Однако исправник не позволил ему договорить.
— Ах, ты... — Он произнес несколько непечатных выражений, намекая на неприличное поведение матушки доктора. — Не будет для тебя никакого потом! Зато будет — Владимирский тракт! — И он одним движением выхватил из кармана форменных бриджей полицейский свисток — явно намереваясь вызвать с его помощью городовых, которые, как подозревал Иванушка, дежурили где-то снаружи.
Однако свистнуть он не успел.
— Нет! — Иван Алтынов вскинул руку изрезанной ладонью вперед, изо всех сил стараясь не глядеть на тётушку, по шее которой уже текли две тонкие алые струйки. — Погодите, Денис Иванович! И вы, Сергей Сергеевич, умерьте свой пыл. Не совершайте преступления, за которое вас в самом деле можно будет взять под арест.

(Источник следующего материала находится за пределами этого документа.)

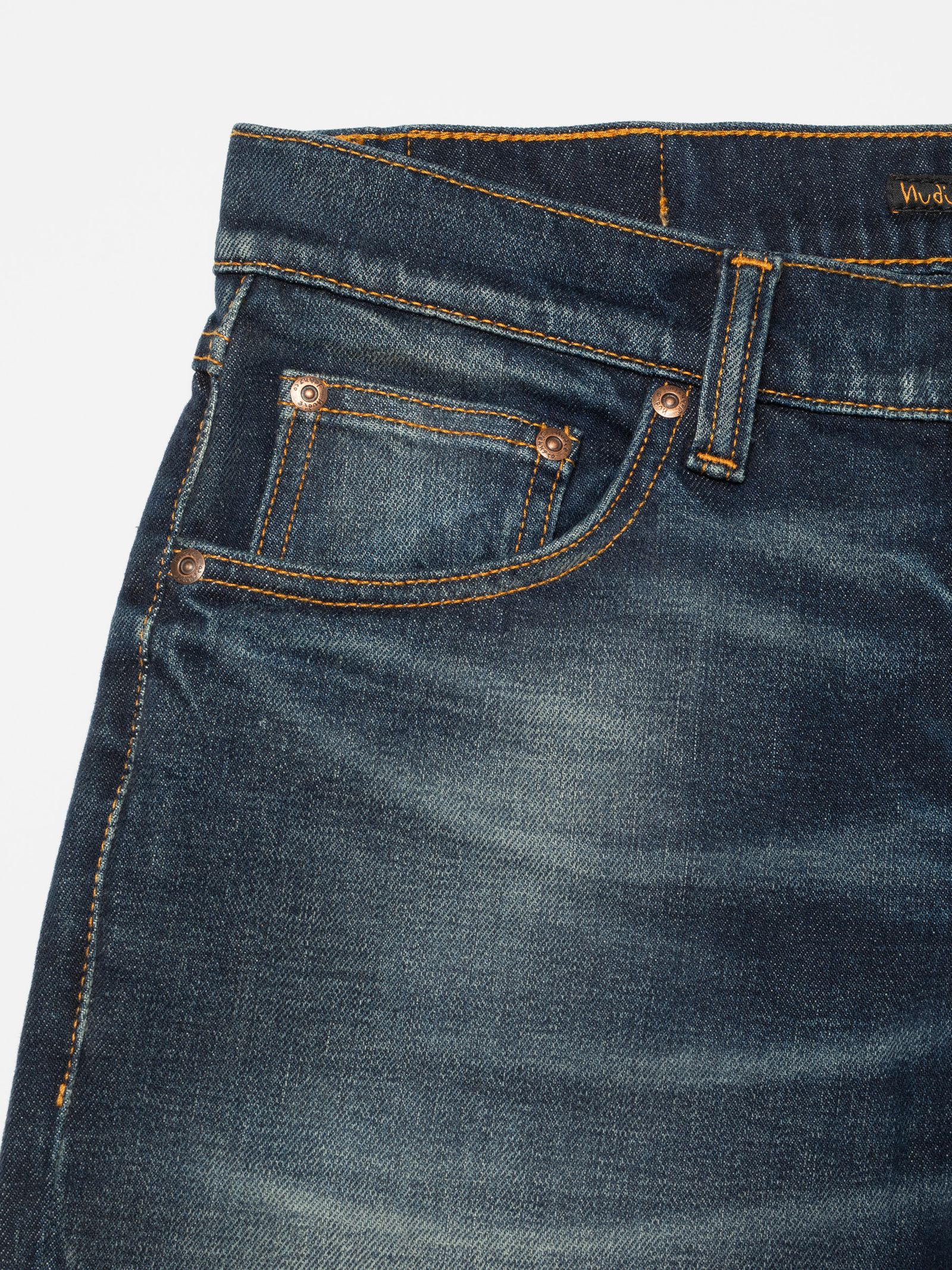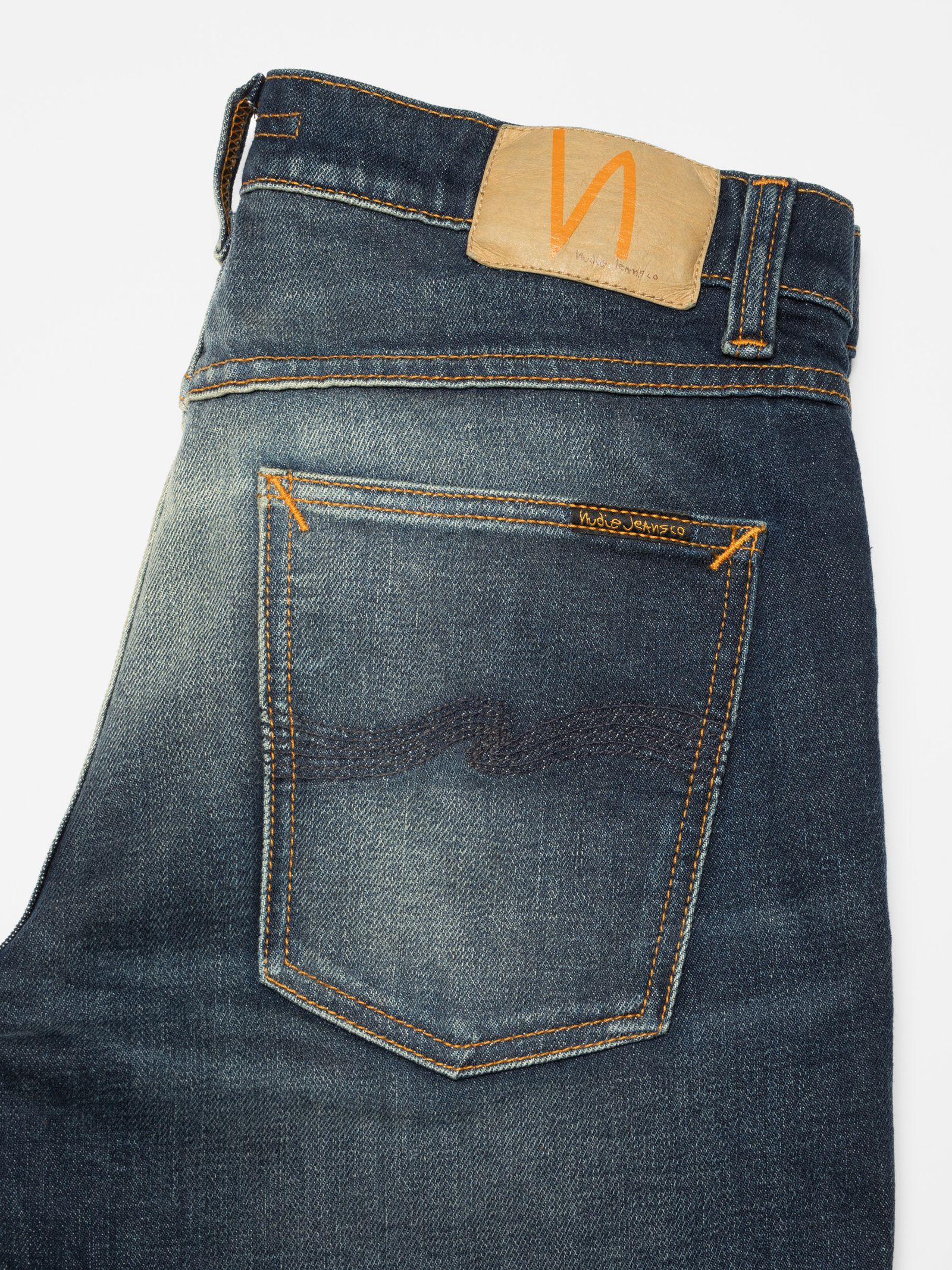 Regular jeans met rechte pijpen, uitgevoerd in de robuuste Lost Light wassing. Een donkere, groenachtige basis vormt het decor voor een intens contrast – waar diepe schaduwen scherpe highlights ontmoeten, waardoor elke slijtageplek en kras met brute helderheid zichtbaar wordt. Het resultaat is een wassing die zowel verweerd als onaangetast aanvoelt, ruw maar ingetogen. Lost Light vervaagt niet zomaar; het breekt, verschuift tussen diepte en slijtage op een manier die bijna onrustwekkend aanvoelt – op de best mogelijke manier.

— Что значит — в самом деле? — Голос Огурцова прозвучал надменно и саркастически. — Намекаете, Иван Митрофанович, что сейчас я этого прохвоста арестовать не могу?
— Должен вас огорчить, — сказал Иван Алтынов, — но, согласно Уложению об уголовных наказаниях Российской империи, такого права у вас нет. Вчера исполнилось ровно пятнадцать лет со дня гибели моего деда. И, стало быть, срок давности по делу о его убийстве истек. Если не верите мне — можете спросить у господина Мальцева!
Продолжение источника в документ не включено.